Snakefile 只执行一个 job/rule
Snakefile executes only one job/rule
snakefile
包含两个作业 - 一个下载基因组,另一个使用 bowtie2 构建
来自生成的 .fa 文件的 bowtie2 索引。代码如下:
rule reference_genome_download:
output:
"reference_genome/ref_genome.fna"
shell:
"""
gca="GCA_000372685.2"
datasets download genome accession $gca --exclude-gff3 --exclude-protein --exclude-rna
unzip ncbi_dataset.zip
cat $(ls ncbi_dataset/data/$gca/chr*) > {output}
rm -r ncbi_dataset
rm README.md
rm ncbi_dataset.zip
"""
rule build_bowtie_index:
input:
"reference_genome/ref_genome.fna"
output:
"reference_genome/btbuild.log"
shell:
"bowtie2-build {input} reference_genome/ref_genome_btindex > {output}"
当我用 snakemake -n -c 10
干燥 运行 时,我得到以下信息:
Building DAG of jobs...
Job stats:
job count min threads max threads
------------------------- ------- ------------- -------------
reference_genome_download 1 1 1
total 1 1 1
[Fri Jan 28 12:54:25 2022]
rule reference_genome_download:
output: reference_genome/ref_genome.fna
jobid: 0
resources: tmpdir=/tmp
规则 build_bowtie_index
甚至没有作为工作选项出现。

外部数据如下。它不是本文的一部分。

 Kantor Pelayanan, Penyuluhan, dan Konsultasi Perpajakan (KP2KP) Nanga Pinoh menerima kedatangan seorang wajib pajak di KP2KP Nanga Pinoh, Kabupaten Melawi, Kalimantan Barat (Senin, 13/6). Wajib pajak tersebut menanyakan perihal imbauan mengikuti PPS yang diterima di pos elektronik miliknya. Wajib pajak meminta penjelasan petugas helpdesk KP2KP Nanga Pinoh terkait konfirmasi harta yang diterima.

我如何让两者达到 link?
使用 snakemake,我发现根据 我最终想要什么 来思考比根据一系列作业来思考更有用。 Snakemake 查看第一个规则来确定用户想要生成的内容,然后使用以下规则生成该输出。
在你的情况下,第一条规则应该是这样的:
rule all:
input:
"reference_genome/btbuild.log",
意思是最后你想要reference_genome/btbuild.log
。 Snakemake 会计算出要生成 reference_genome/btbuild.log
它需要先 运行 reference_genome_download
然后 build_bowtie_index
。事实上,第一个规则之后的规则顺序无关紧要,snakemake 会自行将它们按正确的顺序组合起来。
snakefile
包含两个作业 - 一个下载基因组,另一个使用 bowtie2 构建
来自生成的 .fa 文件的 bowtie2 索引。代码如下:
rule reference_genome_download:
output:
"reference_genome/ref_genome.fna"
shell:
"""
gca="GCA_000372685.2"
datasets download genome accession $gca --exclude-gff3 --exclude-protein --exclude-rna
unzip ncbi_dataset.zip
cat $(ls ncbi_dataset/data/$gca/chr*) > {output}
rm -r ncbi_dataset
rm README.md
rm ncbi_dataset.zip
"""
rule build_bowtie_index:
input:
"reference_genome/ref_genome.fna"
output:
"reference_genome/btbuild.log"
shell:
"bowtie2-build {input} reference_genome/ref_genome_btindex > {output}"
当我用 snakemake -n -c 10
干燥 运行 时,我得到以下信息:
Building DAG of jobs...
Job stats:
job count min threads max threads
------------------------- ------- ------------- -------------
reference_genome_download 1 1 1
total 1 1 1
[Fri Jan 28 12:54:25 2022]
rule reference_genome_download:
output: reference_genome/ref_genome.fna
jobid: 0
resources: tmpdir=/tmp
规则 build_bowtie_index
甚至没有作为工作选项出现。我如何让两者达到 link?
使用 snakemake,我发现根据 我最终想要什么 来思考比根据一系列作业来思考更有用。 Snakemake 查看第一个规则来确定用户想要生成的内容,然后使用以下规则生成该输出。
在你的情况下,第一条规则应该是这样的:
rule all:
input:
"reference_genome/btbuild.log",
意思是最后你想要reference_genome/btbuild.log
。 Snakemake 会计算出要生成 reference_genome/btbuild.log
它需要先 运行 reference_genome_download
然后 build_bowtie_index
。事实上,第一个规则之后的规则顺序无关紧要,snakemake 会自行将它们按正确的顺序组合起来。